A key feature is "character consistency": the model can keep a person, animal, or object visually consistent across multiple images, even as poses, backgrounds, or lighting change.

This opens up new possibilities for creating image series or product shots from multiple angles. Google says the model is ideal for generating consistent brand assets and product catalogs, and claims Gemini 2.5 Flash outperforms other image systems on a wide range of editing tasks.

The model also supports precise, localized edits through text prompts. Users can blur backgrounds, remove blemishes, add colors, or erase entire objects without manual selection. A template app called "PixShop" shows off these editing features with a simple interface and prompt controls.

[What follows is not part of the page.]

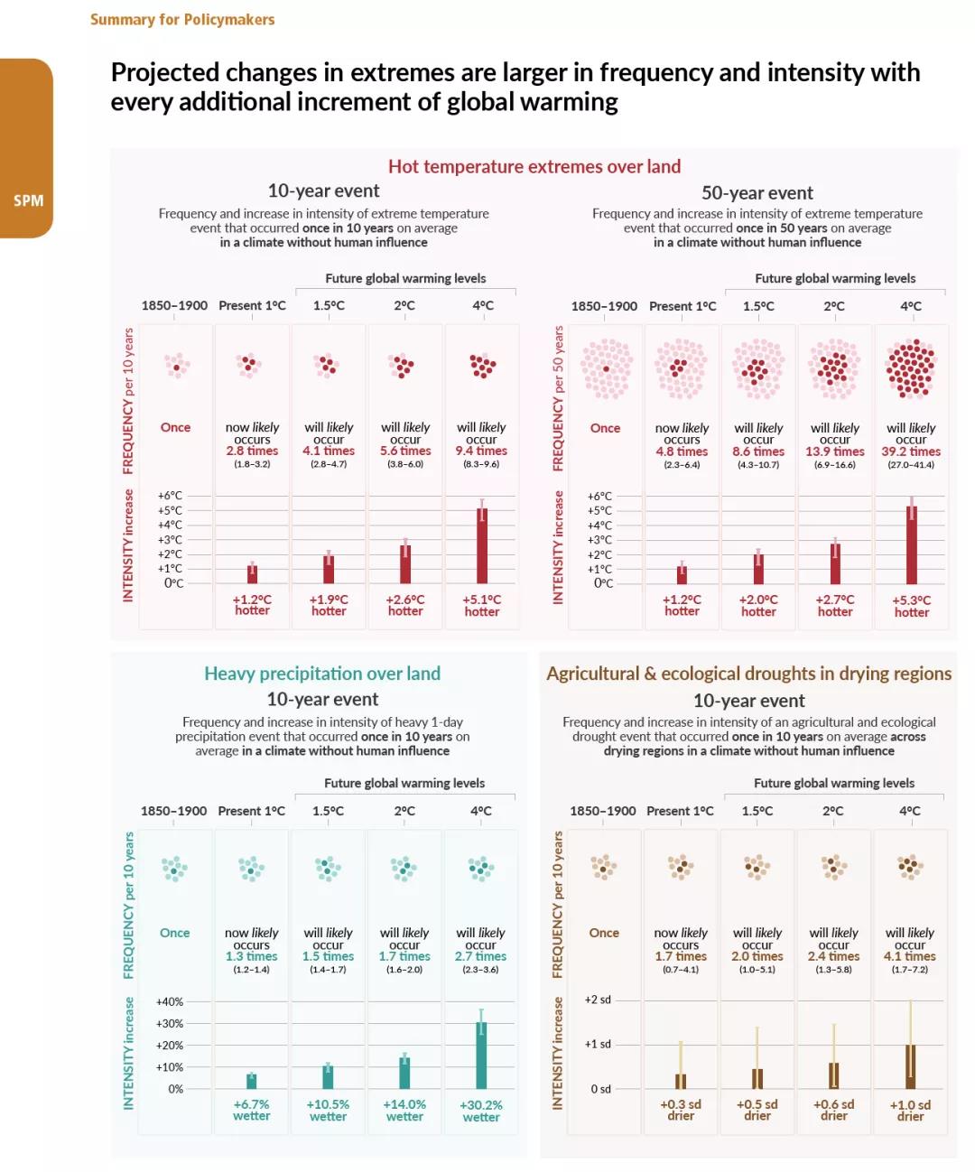 IPCC第6次评估报告关于未来极端事件频率和强度变化的预估。图片来源于IPCC第6次评估报告《决策者摘要》,其中关于极端温度和极端降水的内容源于李超研究员的成果。

Image composition, style transfer, and real-world reasoning

Gemini 2.5 Flash can blend up to three images at once. For example, you can combine a product photo and a room photo to create a realistic interior scene. Complex compositions with several elements can be generated from a single prompt. Google also offers an interactive canvas tool for multi-image fusion.

The model handles style transfer too, moving patterns, colors, or textures from one object to another while keeping the shape and details intact. Typical examples include dresses with butterfly patterns or boots with floral textures.

Gemini 2.5 Flash can also visualize simple cause-and-effect, which Google calls "real-world reasoning." In one demo, the model generates an image of a balloon drifting toward a cactus, then another image showing what happens next.

These semantic features draw on Gemini 2.5's world knowledge, Google says. You can try them yourself using a painting app that follows text instructions.

Available to users and developers

The Gemini 2.5 Flash image tools are now available in the Gemini app. Instead of selecting the "Imagen" image model in the chat bar, you need to switch to the "Flash" language model at the top left to use the new features. The setup might be a little confusing at first, but it makes sense given Gemini's language-based editing approach.

After picking the right model, you can upload an image and give Gemini editing instructions. Every image comes with both a visible watermark and an invisible SynthID digital watermark.

Gemini 2.5 Flash Image is also available in preview through the Gemini API, Google AI Studio, and Vertex AI. Pricing is $30 per million output tokens. Each image uses about 1,290 tokens, or roughly $0.039 per image, the same as Gemini 2.0 Flash Image.